Ditto the pigeon. Yes, it had that chewiness to which we are not used these days, when much of our food has a kind of semi-predigested softness, but it also had flavour - big, bouncing and husky - that went fabulously with the soothing richness of the properly creamy lentils, sharpened, unless I am much mistaken, with a healthy dollop of mustard. Again, the presentation was stylish: the pigeon, largely dismembered, was centred on the lentils, which were given shape by a ring of spinach and slivers of parsnips lying in a judiciously made clear stock sauce flecked with the mushrooms. Handsome, or what? As I said, these dishes were rather far removed from the unassuming manners of most gastropub food. Each dish was a statement of energy and ambition in the kitchen.
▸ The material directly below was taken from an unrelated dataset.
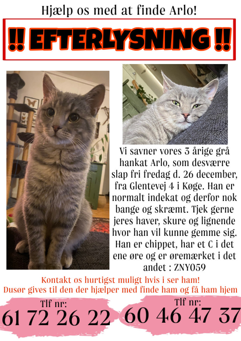 Vi savner vores elskede Arlo, som desværre flygtede i ren panik d 26 december fra Glentevej 4 i Køge. Han er normalt indendørs kat, så han er nok skræmt, usikker og overhovedet ikke kendt i området. Han er chippet + har et C i det ene øre, og en øretatovering som er : ZNY059. VI savner ham meget, og er bekymrede. Kontakt os endelig ved det mindste, dusør gives til den der får ham hjem igen.

There was a slight falling of invention when it came to puddings. Anyway, I wanted cheese to help me round off the bottle of ChËteau Arnauld 1997, which I had been well advised to order - it was full, rich, with all sorts of layers of flavour for the tastebuds to sink through, and it made a very good senior partner to the five Welsh cheeses that came neatly ranged on a wooden board. Irritatingly, I forgot to make a note of their names, but they all had character, and were served in very good nick. I still couldn't finish the wine, so I passed the remains of my bottle to the couple at the next table, who were also tackling the cheese. They seemed very pleased.
The wine cost £27.50, and was worth every penny. Add to that a half of Tomos Watkin OSB, which might have been made to go with the eel, some water, and three courses for £25, and the bill was £56.40. OK, so that's not a cheap and cheerful price, but then neither is the cooking. It's serious and skilled enough to more than justify the expense. The panache of the place is a bonus.
· Open Tues-Sun, lunch, 12.30-2.30pm; dinner, 7-9.30pm. Menus: Lunch, £8.95 for one course, £14.45 for two; dinner, £19.50 for two courses, £25 for three. Wheelchair access & WC.